Bake and Assemble the Cake

  1. Preheat your oven to 400 F.

  2. Flour a pastry board or clean counter with potato starch flour. Butter and dust six kransekake forms with potato starch flour.

  3. Roll the almond paste into 18 long "snakes," descending in length by half an inch increment from about 20 inches long to 12 inches long. Fit the snakes into the forms, pinching the ends together tightly to form rings. Alternatively, if you don't have kransekake forms, shape each of the 18 lengths into a ring form and place them on a parchment or Silpat-lined baking sheet.

  4. Bake the rings in the center of the oven for 15 minutes until the rings turn a light golden shade. Watch carefully, as they will burn quickly if unattended.

  5. Remove the forms from the oven and allow rings to cool in pans.

  6. Carefully loosen all the forms, using a knife if necessary to separate the cake from the form.

  7. While the rings cool off, mix together the confectioners' sugar, egg whites, almond extract, and lemon juice to make a thick frosting. Place into a pastry bag with a small tip or in a plastic freezer bag with the end snipped off. Reserve.

  8. Invert the largest ring and place it on a serving plate.

  9. Pipe the frosting in a wavy pattern around the circumference of the bottom ring. The frosting, while decorative, also serves as the glue that will hold the cake together.

  10. Repeat this step for each of the remaining rings, working from the largest up to the smallest, until you have formed a cake tower.
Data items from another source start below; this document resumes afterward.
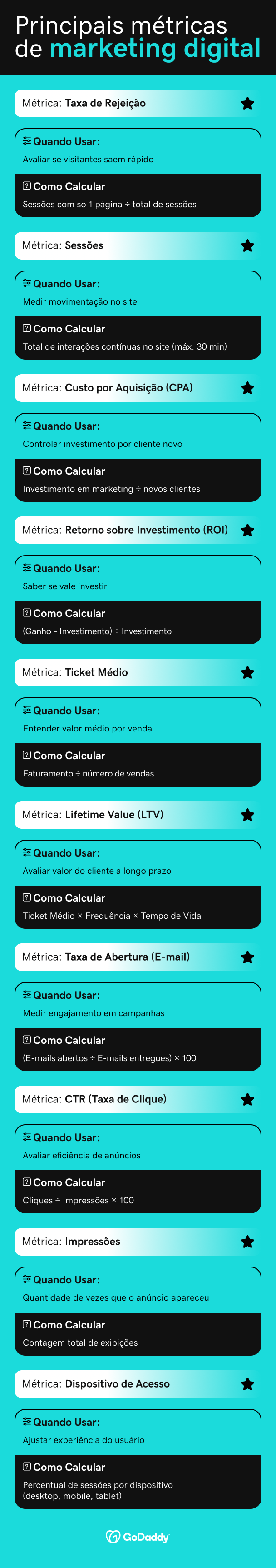 São as medidas brutas que mostram dados quantitativos do seu negócio, como cliques, tempo de navegação e taxa de rejeição. Esses indicadores representam informações que você coleta para entender o que acontece com o seu empreendimento digital.
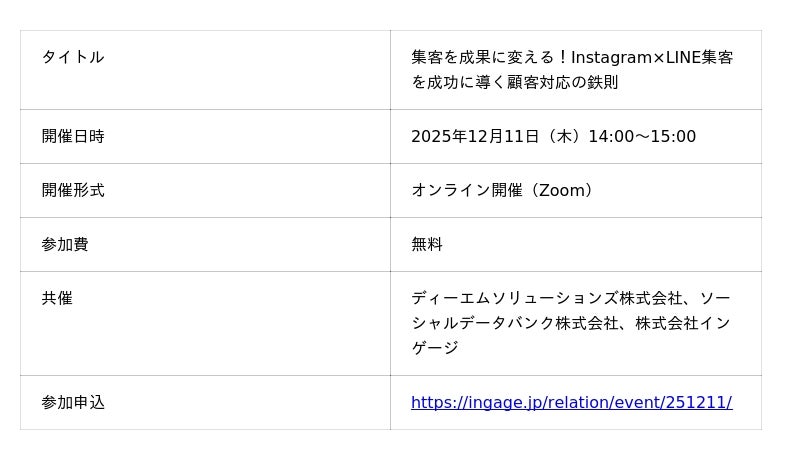 顧客対応クラウド「Re:lation(リレーション)」を提供し、6,000社以上(※1)の導入実績を誇る株式会社インゲージ(本社:大阪府大阪市、代表取締役:和田 哲也、以下インゲージ)は、2025年12月11日(木)に、ディーエムソリューションズ株式会社、ソーシャルデータバンク株式会社と共同で、ウェビナー「集客を成果に変える!Instagram×LINE集客を成功に導く顧客対応の鉄則」を開催することをお知らせします。
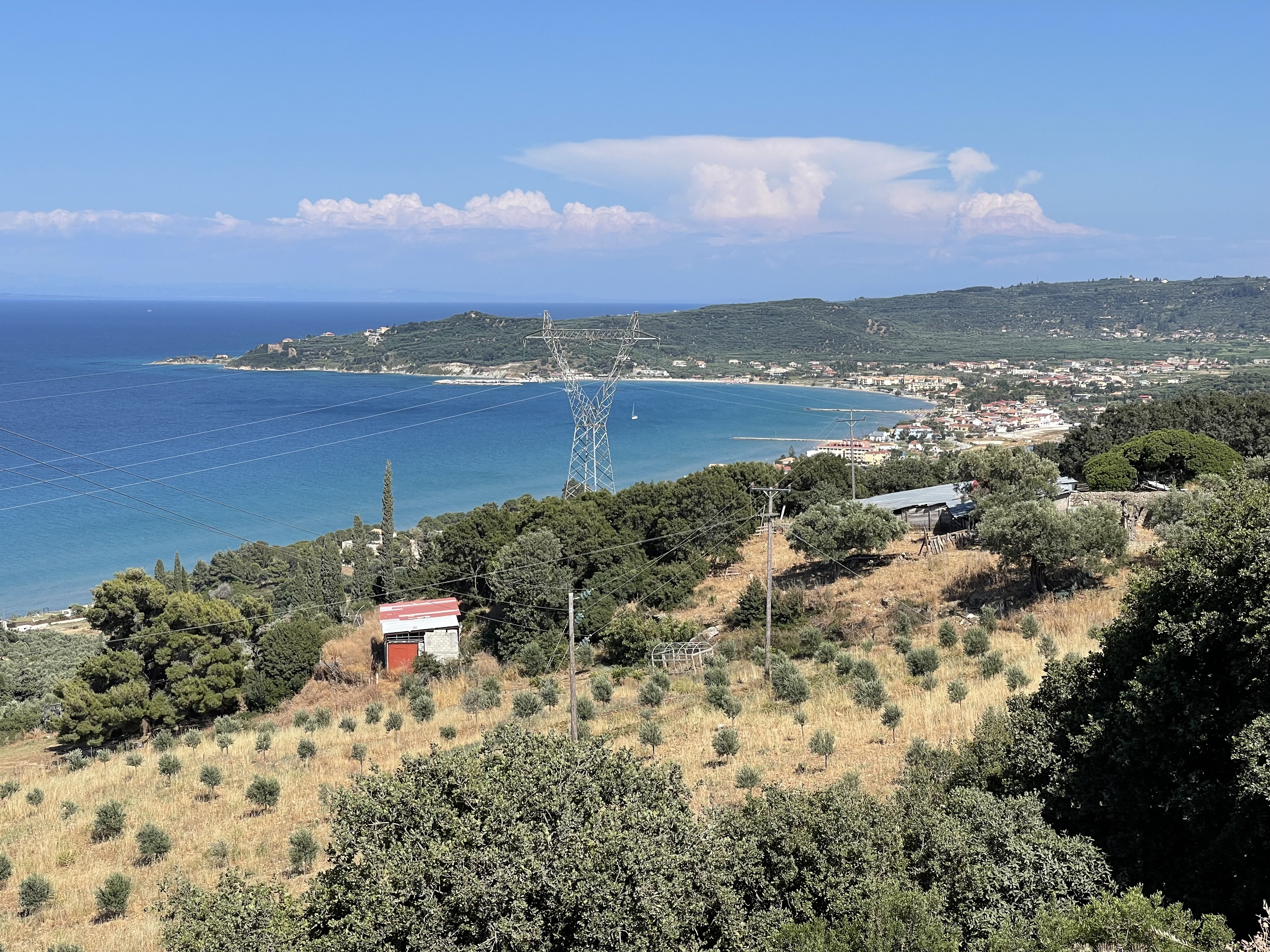 케팔로니아 섬과 나바지오 해수욕장으로 가는 항구가 있는 아기오스 니콜라오스(Agios Nikolaos) 향하는 도로 언덕에서 잠시 쉰다. 밑으로 내려다보면 말들이 한가로이 풀을 뜯고 있고 해변쪽 오래된 올리브나무와 언덕쪽 새로운 올리브나무들이 공존하고 있다. 원추형으로 우뚝 솟아있는 나무가 사이프러스(지중해 측백나무)다.

  11. Decorate the completed cake with flags and candies, as the Norwegians do, or with ribbons and edible or crystallized flowers for a special occasion.

  12. Enjoy!

To Make the Best Kransekake

Here are a few suggestions to help you in making and enjoying this beautiful cake:

  • To loosen the almonds' skins, you can also put them in the oven at 170 F for 15 minutes, but be sure not to let them roast.
  • Using a food processor to make the almond flour will overprocess the nuts and possibly churn them into almond butter.
  • Kransekake, like fine wine, improves by "aging" a day or two before serving. Store in a tightly sealed container with a slice of apple or bread next to it in order to maximize this cake's unique soft-yet-chewy texture.
  • The ring tower can also be built in reversed order, with larger rings placed upon smaller ones, to form edible baskets. Scandinavian bakers also often invert the tower to form a cornucopia, which they fill with specialty cookies and candies.